According to a number of sources, including a leinsterleader.ie article, Cllr Scully told a meeting of Naas businesses and residents on Friday night that he would fight against a soon-to-be constructed project to part-pedestrianise Poplar Square and a cycle route on the Dublin Road, which he said could still be reversed and he said he would oppose the cycle route planned for Kilcullen Road in the town.
While cycle routes have yet to be built in Naas, the Leinster Leader last week quoted Mary Burke Spratt, of the Naas Against Authority Sabotage group, as stating: “…it makes me angry to see what is happening. Last week [a shop owned by] Ciaran Mattimoe closed down and Goulding’s and Swan’s are concerned about cycle lanes.
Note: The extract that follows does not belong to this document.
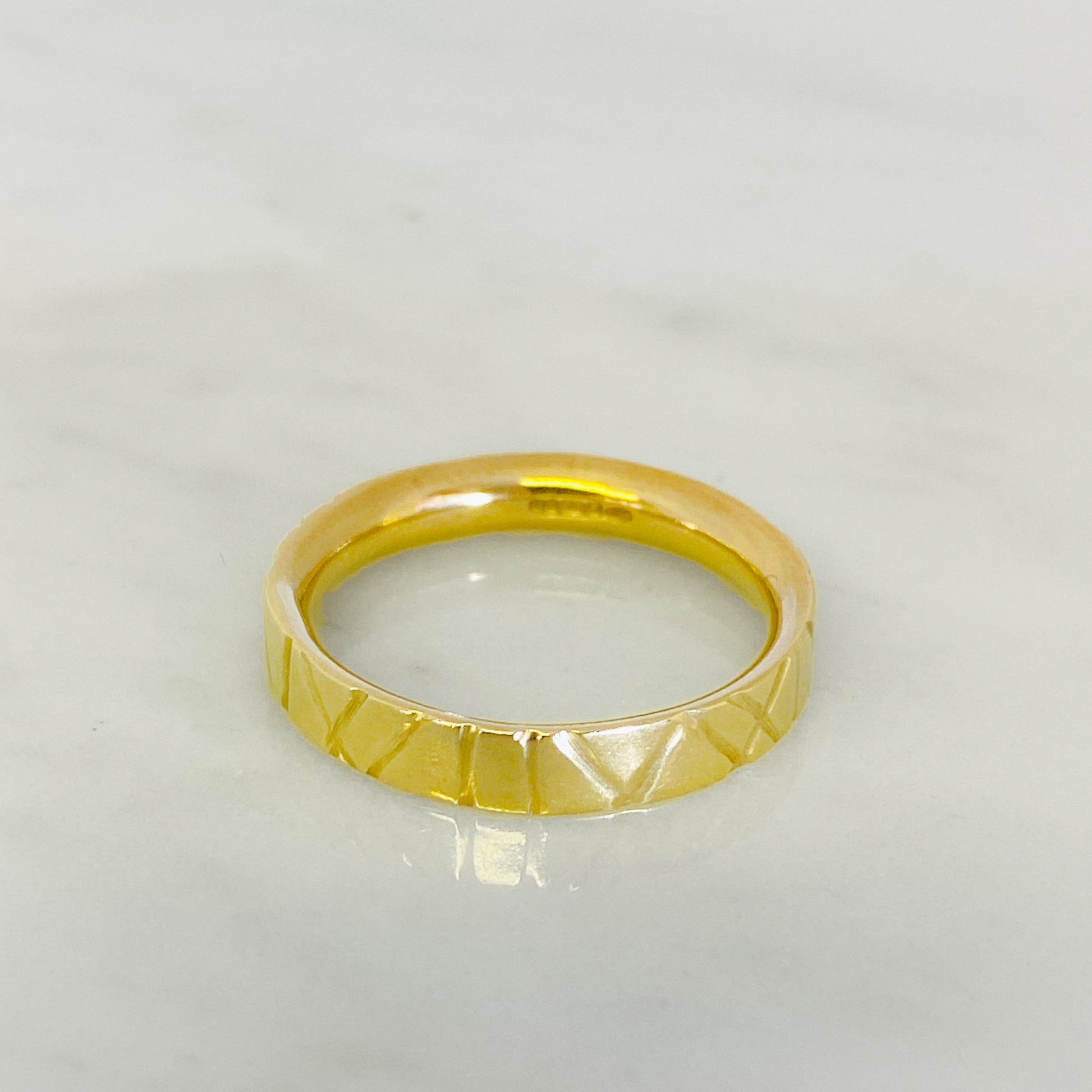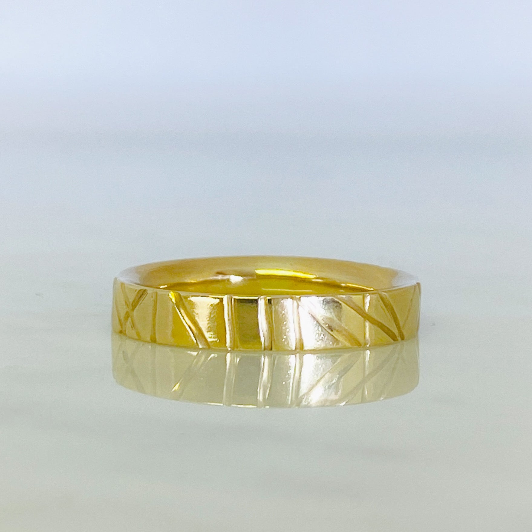 A contemporary take on a traditional ring in yellow gold with a hand drawn pattern adding interest to the surface. The pattern is reminiscent of roman numerals giving the idea of the passage of time and everlasting love.
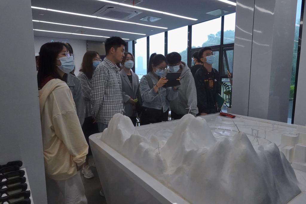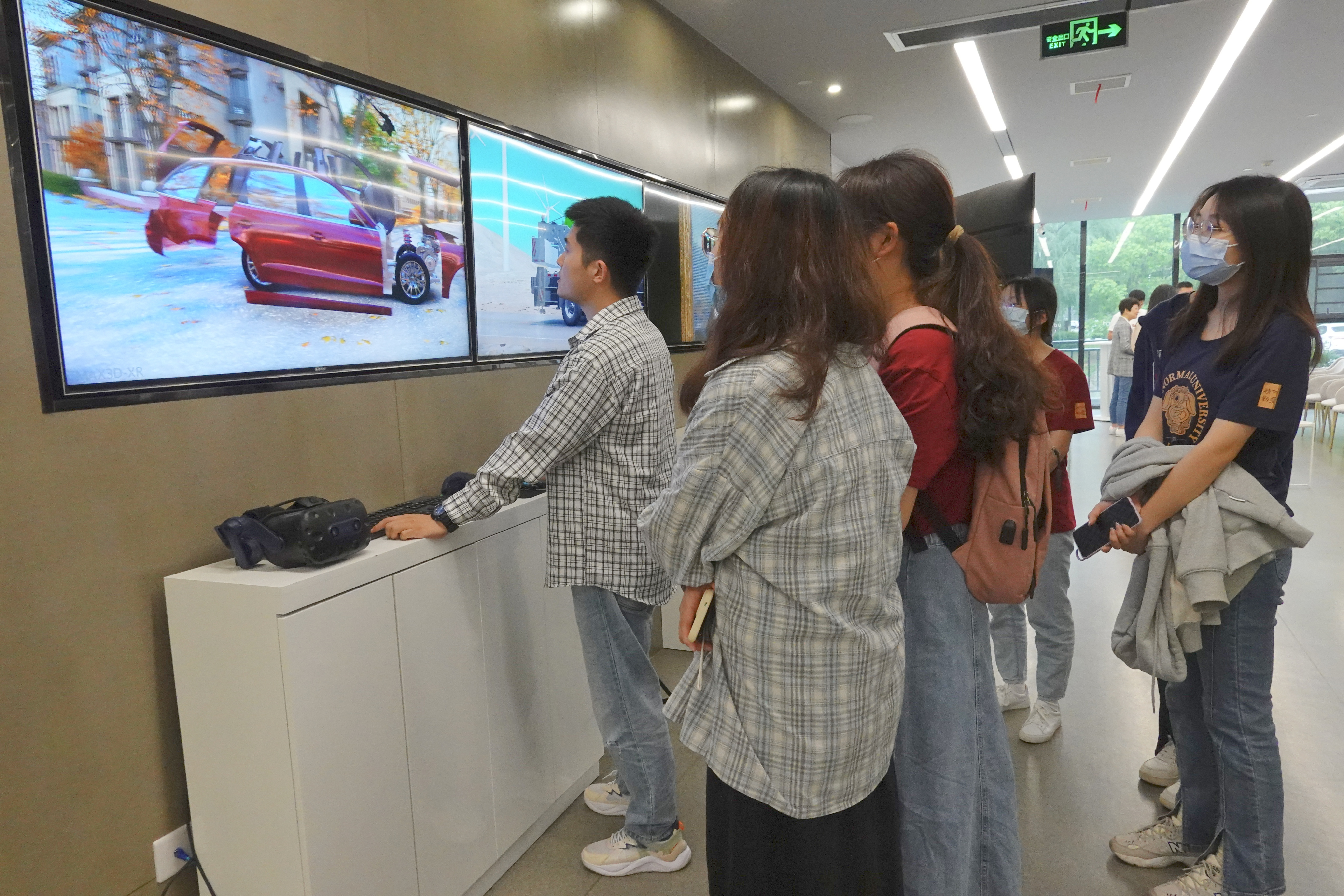 “太真实了,戴上VR头盔的瞬间,周围的环境全都变了个样儿,好像进入了新的世界。”在位于月湖文创小镇的长沙宏达威爱信息科技有限公司,课程学生们亲自体验了数字虚拟人物技术、工程机械AR沙盘与VR头盔技术。在这里,三一重工的巨无霸卡车、山河智能的旋挖钻机、中联重科的中大型起重机“身轻如燕”、灵活多变,通过先进制造业5G云VR公共服务云平台的超高清建模,长沙工程机械的魅力尽展。期间,课程师生们围绕借助新兴技术优化外语乡村教育帮扶模式、提升跨学科研究路径、创新社会实践课程学习等展开交流。

I walked the town and I saw just one bicycle parked at a cycle rack so I wonder if there is a need for cycle lanes.”
In a statement posted on Facebook yesterday, the Naas Neighborhood Greenway group said: “Was at a Naas traders meeting last night organised by concerned people of Naas. We too are concerned that shops are closing and footfall is decreasing in the town. There was an unreasonable criticism of the projects that are due to be constructed.”
It added: “Blaming cycle lanes for the demise of shopping in Naas is not fair as there are no cycle lanes in the town at the moment so how can they be killing business. Why not give them a go and see where it takes us. We must remember that these projects are to enable our kids to get to school safely.”
“Meeting was very negative and gave no solutions and wouldn’t listen to anyone with an alternative view. Tackle clamping in private car parks . Put in pay by text. Get rid of free parking on a Saturday. Open the town [shopping centre]. Saying no no no to progress will achieve nothing and kill our town.”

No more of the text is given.